The Slow-Down phase kicks in at around age 70. Once you’ve completed your bucket list, you’ll likely settle down into a daily routine and spend less on travel and eating out. In your 70s, you may start dealing with chronic health issues that send you to the doctor more often. And you may find yourself paying higher out-of-pocket deductibles as inflation continues to drive up the cost of health care.    

By the time you enter this stage, you’ve started receiving Social Security. By age 73, you must begin taking Required Minimum Distributions (RMDs) from your TSP. Combined with your monthly FERS pension, you may end up in a higher income tax bracket. This is why tax-planning for a long retirement is a crucial component of your overall plan.  

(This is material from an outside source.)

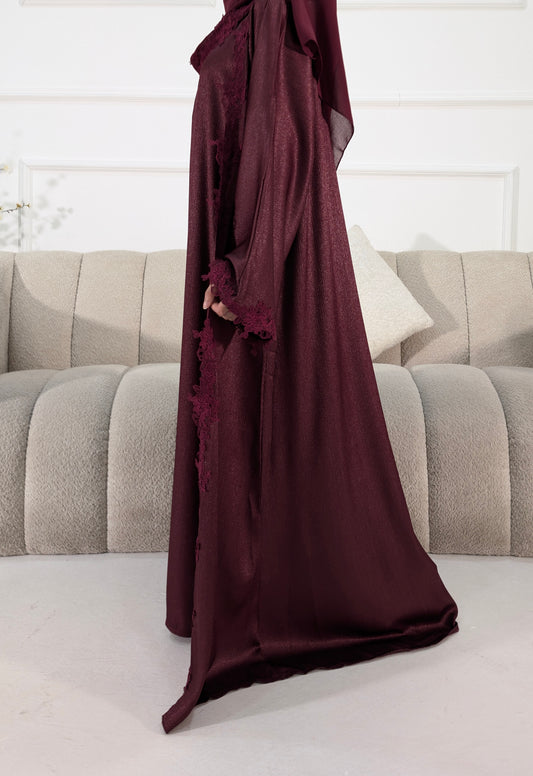 Womens Abaya Khadeejah Deep Burgundy Satin Lace AbayasRegular price £70.00 GBPRegular priceUnit price / per-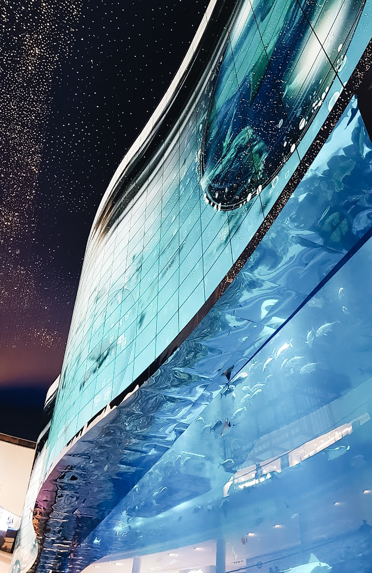 Heimsreisan hófst fyrir alvöru þegar við lentum í Dúbaí þar sem við myndum stoppa í tvo daga. Við mættum seint um kvöldið á hótelið, skiluðum töskunum af okkur og hoppuðum strax um borð í lestina til að komast í Dubai mollið.

The Late Retirement Stage  

Often called the twilight years, more serious age-related health issues become a harsh reality around your 80th birthday. If you’re unable to handle your day-to-day needs like dressing and bathing, you may need long-term care in a nursing facility. Keep in mind that non-medical, custodial care is not covered by FEHB or Medicare. If you haven’t purchased Long-Term Care (LTC) Insurance, or an annuity with an LTC rider, the out-of-pocket cost can wipe out your TSP nest egg.     

Another consideration is being hit with a health crisis that leaves you incapacitated and unable to make your own decisions. A good retirement plan includes a healthcare directive and other crucial estate-planning documents to help protect your legacy.